Poster for The Group's annual exhibition in 2023
“None of the five daughters are there today. Shyamsree Bose, the last surviving member of the party, passed away last year. However, our current president and the senior-most member of the organisation, Anjali Sengupta, remains a guiding spirit. She has been associated with the group almost since its inception. Altogether, there are 13 active members at present. Many female artists participate with us in different ways. Apart from the annual exhibition, we organise special panel discussions on International Women's Day. Workshops are organised at different times of the year; we did a mural for an NGO during the COVID-19 pandemic. We try to give room to those women, who, despite being immensely talented artists, are not taken seriously in the artistic circles.
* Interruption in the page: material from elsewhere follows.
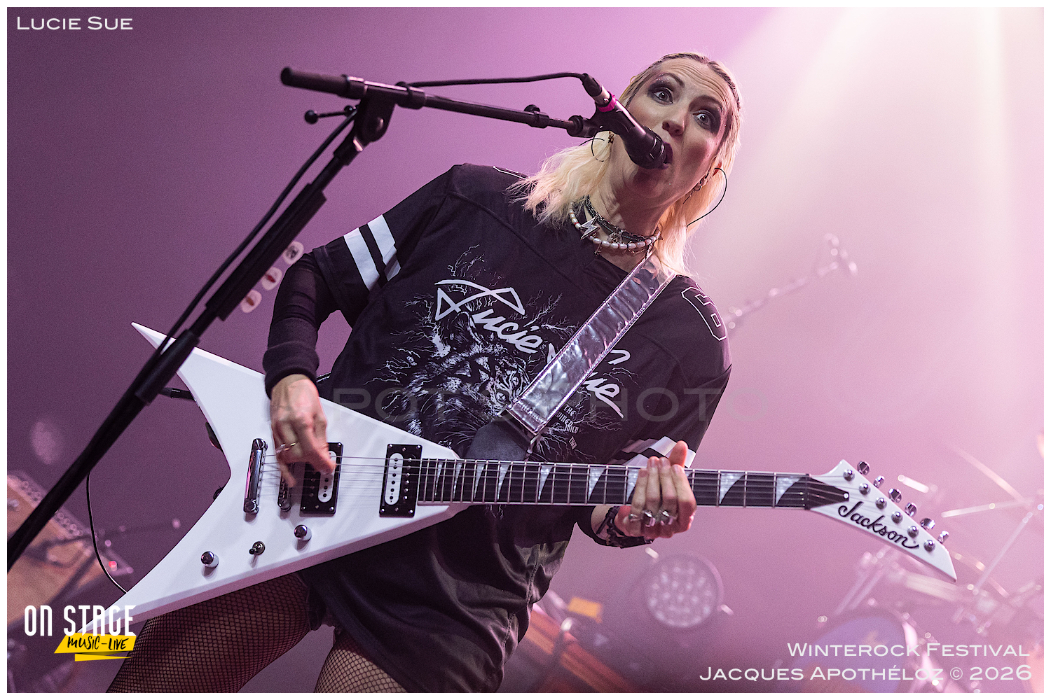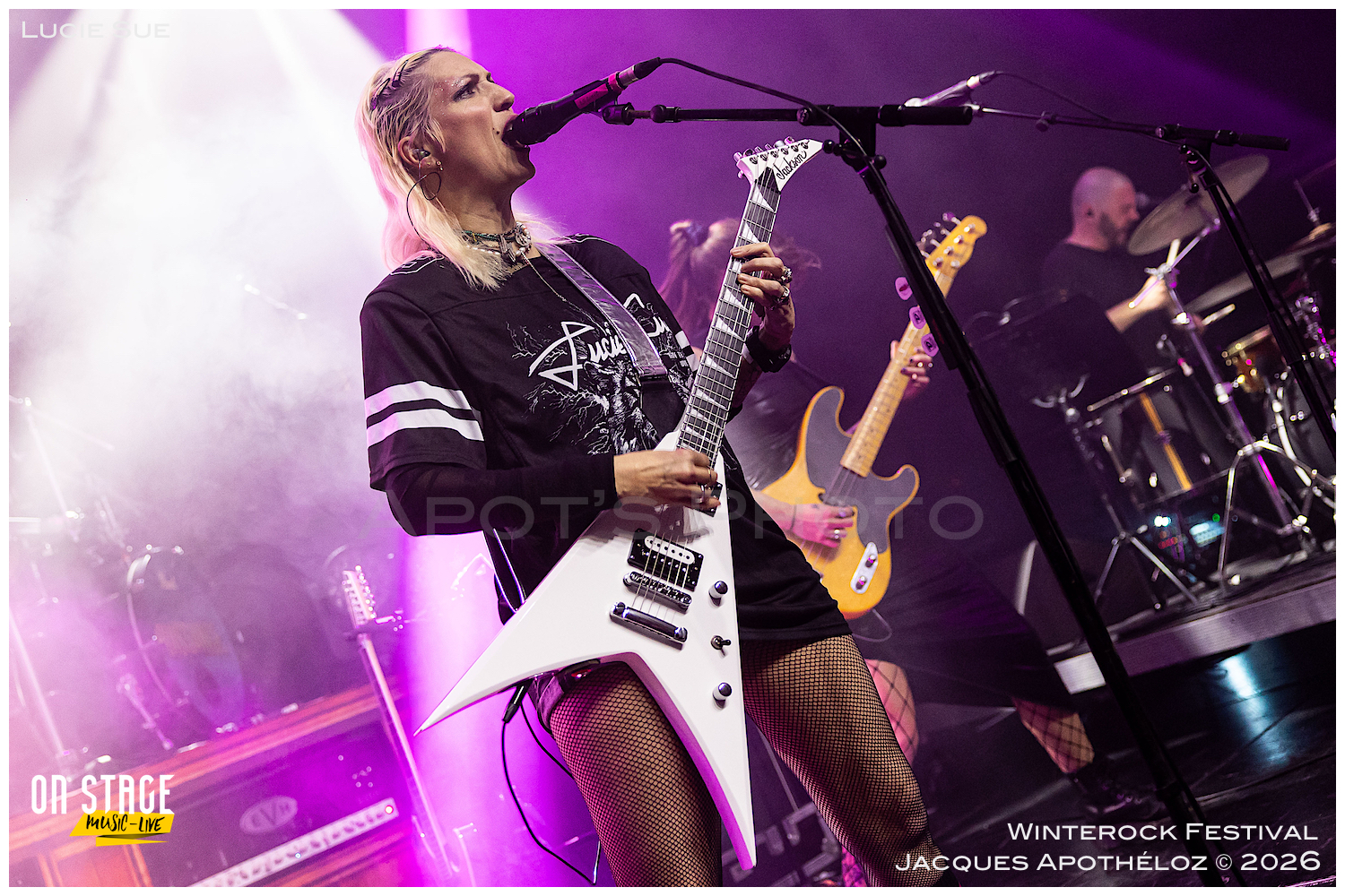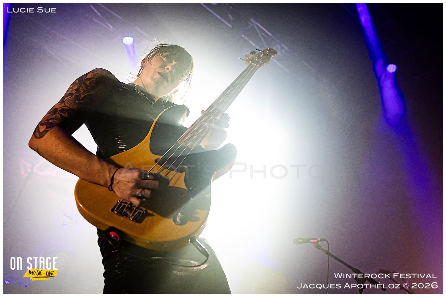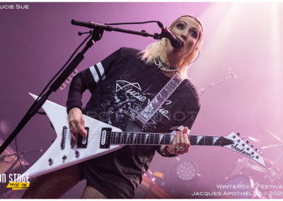 20h, ça commence avec Lucie Sue. Une découverte bien rock. Accompagnée d’une bassiste et de deux musiciens (guitare et batterie), fraichement arrivés dans le groupe. Lucie nous offre un son teinté de rock anglais, avec des riffs accrocheurs. Il n’en fallait pas moins au public pour s’approcher de la scène et apprécier, à sa juste valeur, l’énergie dégagée de ce quatuor endiablé.

There are many who cannot afford to exhibit, and we help them," says artist Tamali Dasgupta, an active member of "The Group".
Since five women artists formed this group, is there still a tendency to marginalise women artists within artist groups? Tamali Dasgupta says, “It has become a tradition of sorts." Look at the major artist groups, and it will become clear to you. There is a prevailing idea that women cannot give full attention to art since they have to multitask and cannot be full-time active artists. It is true that women have to take care of the family, but it is a misconception that one cannot paint while taking care of the family. Regardless of gender, patriarchy has deep roots. There would have been no need for girls to form a separate team if they had gotten the place they deserved.”